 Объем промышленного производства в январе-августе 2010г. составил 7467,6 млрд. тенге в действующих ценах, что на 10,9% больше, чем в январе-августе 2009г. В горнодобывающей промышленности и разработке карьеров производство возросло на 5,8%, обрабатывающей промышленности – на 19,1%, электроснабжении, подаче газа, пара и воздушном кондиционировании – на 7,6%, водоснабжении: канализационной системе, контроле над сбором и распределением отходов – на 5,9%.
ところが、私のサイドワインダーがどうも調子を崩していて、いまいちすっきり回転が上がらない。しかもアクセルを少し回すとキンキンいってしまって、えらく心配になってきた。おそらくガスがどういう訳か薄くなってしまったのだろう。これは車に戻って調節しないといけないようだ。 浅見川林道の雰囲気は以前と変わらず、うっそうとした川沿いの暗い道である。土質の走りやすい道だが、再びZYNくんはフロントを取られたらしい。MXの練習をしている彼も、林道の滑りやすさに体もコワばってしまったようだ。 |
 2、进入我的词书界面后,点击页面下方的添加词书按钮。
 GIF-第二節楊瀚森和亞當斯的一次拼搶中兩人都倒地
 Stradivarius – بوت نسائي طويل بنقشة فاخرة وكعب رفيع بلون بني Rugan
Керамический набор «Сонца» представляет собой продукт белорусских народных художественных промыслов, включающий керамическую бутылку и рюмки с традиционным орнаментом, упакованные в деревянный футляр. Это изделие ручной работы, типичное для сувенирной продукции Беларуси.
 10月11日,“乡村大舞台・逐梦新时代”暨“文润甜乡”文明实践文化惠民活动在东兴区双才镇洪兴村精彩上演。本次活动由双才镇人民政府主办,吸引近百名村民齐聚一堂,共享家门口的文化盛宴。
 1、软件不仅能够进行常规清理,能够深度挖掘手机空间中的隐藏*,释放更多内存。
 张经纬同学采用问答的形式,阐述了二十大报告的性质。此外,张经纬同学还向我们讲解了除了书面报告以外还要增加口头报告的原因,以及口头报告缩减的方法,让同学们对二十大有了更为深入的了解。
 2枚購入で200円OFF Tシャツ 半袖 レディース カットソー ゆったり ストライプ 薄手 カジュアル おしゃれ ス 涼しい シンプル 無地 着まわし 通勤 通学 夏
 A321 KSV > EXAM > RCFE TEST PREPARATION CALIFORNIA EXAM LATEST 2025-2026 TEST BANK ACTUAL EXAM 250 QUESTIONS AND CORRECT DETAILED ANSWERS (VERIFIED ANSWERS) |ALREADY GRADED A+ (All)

**Problem requirements**
All lines from the one containing "1、软件不仅能够进行常规清理,能够深度挖掘手机空间中的隐藏*,释放更多内存。" through the end of the listing must be transcribed exactly. No other lines belong in the answer.

**Result below**
 1、软件不仅能够进行常规清理,能够深度挖掘手机空间中的隐藏*,释放更多内存。
 张经纬同学采用问答的形式,阐述了二十大报告的性质。此外,张经纬同学还向我们讲解了除了书面报告以外还要增加口头报告的原因,以及口头报告缩减的方法,让同学们对二十大有了更为深入的了解。
 2枚購入で200円OFF Tシャツ 半袖 レディース カットソー ゆったり ストライプ 薄手 カジュアル おしゃれ ス 涼しい シンプル 無地 着まわし 通勤 通学 夏
 A321 KSV > EXAM > RCFE TEST PREPARATION CALIFORNIA EXAM LATEST 2025-2026 TEST BANK ACTUAL EXAM 250 QUESTIONS AND CORRECT DETAILED ANSWERS (VERIFIED ANSWERS) |ALREADY GRADED A+ (All)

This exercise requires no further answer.